#### WHAT TO PRODUCE:
The result should be an exact copy of only the lines from the one holding "păcate, și periculoasă" through the last line of the data below, please, without pictures.
- - -
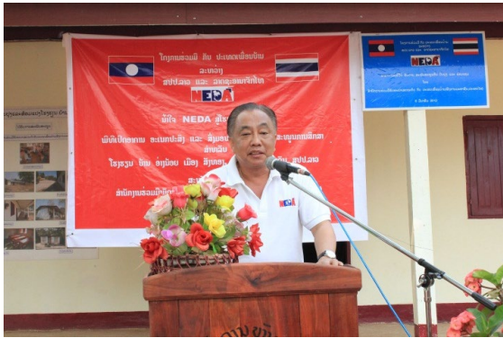
(ผอ.สพพ.ประธานในพิธีฯ ฝั่งไทย)
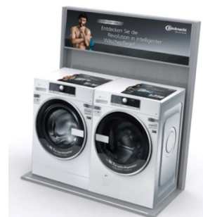
State of the art: PremiumCare am Point of Sale

Am Point of Sale präsentiert Bauknecht die PremiumCare Reihe auf der Höhe der Zeit und setzt die Stärken der neuen Geräte effektiv in Szene: Auf einen Blick erfährt der Kunde von den PremiumCare Vorteilen. Hochwertige Displays mit beleuchtetem Sockel und dem PremiumCare Video auf einem breitformatigen Bildschirm werden zum Blickfang für jede Verkaufsfläche. Ergänzende Salesfolder erklären sämtliche Features einfach und eingängig und zeigen die verschiedenen Baureihen von PremiumCare.
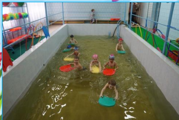
Занятия в бассейне
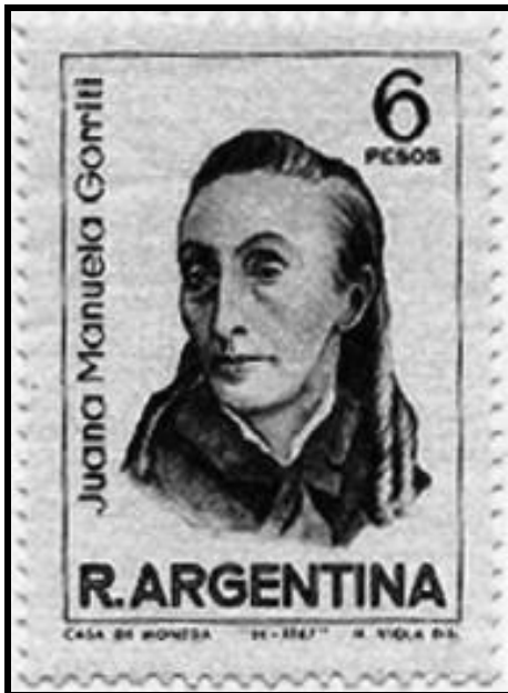
Imagen 5: Estampilla de Juana Manuela Gorriti
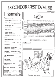
Le Condor c'est ta muse • Dec. 2004
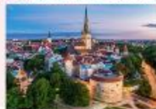
Tallinn Old Town
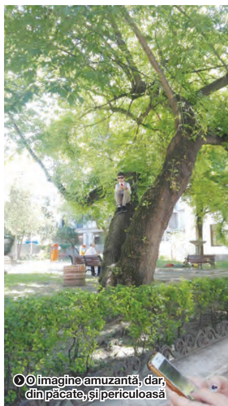
► O imagine amuzantă, dar, din păcate, și periculoasă
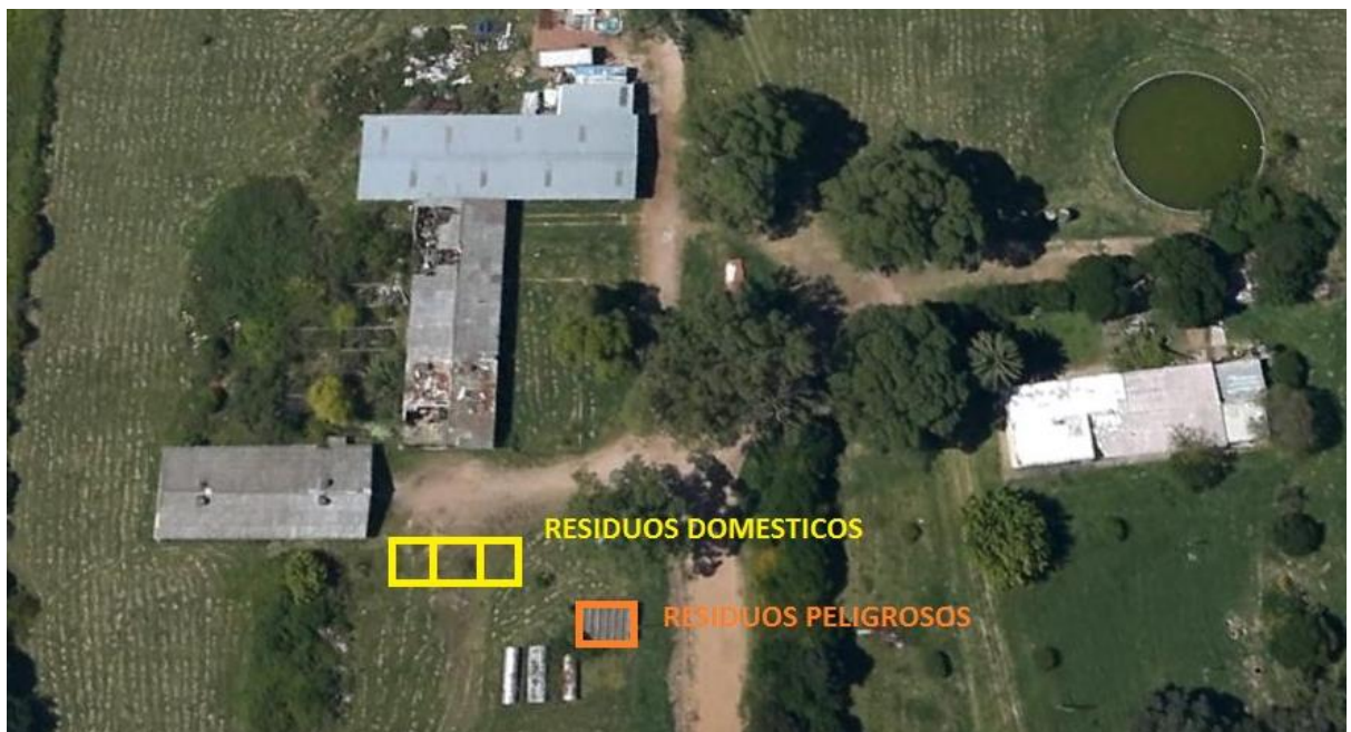
Detalle de ubicación residuos domésticos y peligrosos
- - -
#### WRITTEN SOLUTION:
► O imagine amuzantă, dar, din păcate, și periculoasă
Detalle de ubicación residuos domésticos y peligrosos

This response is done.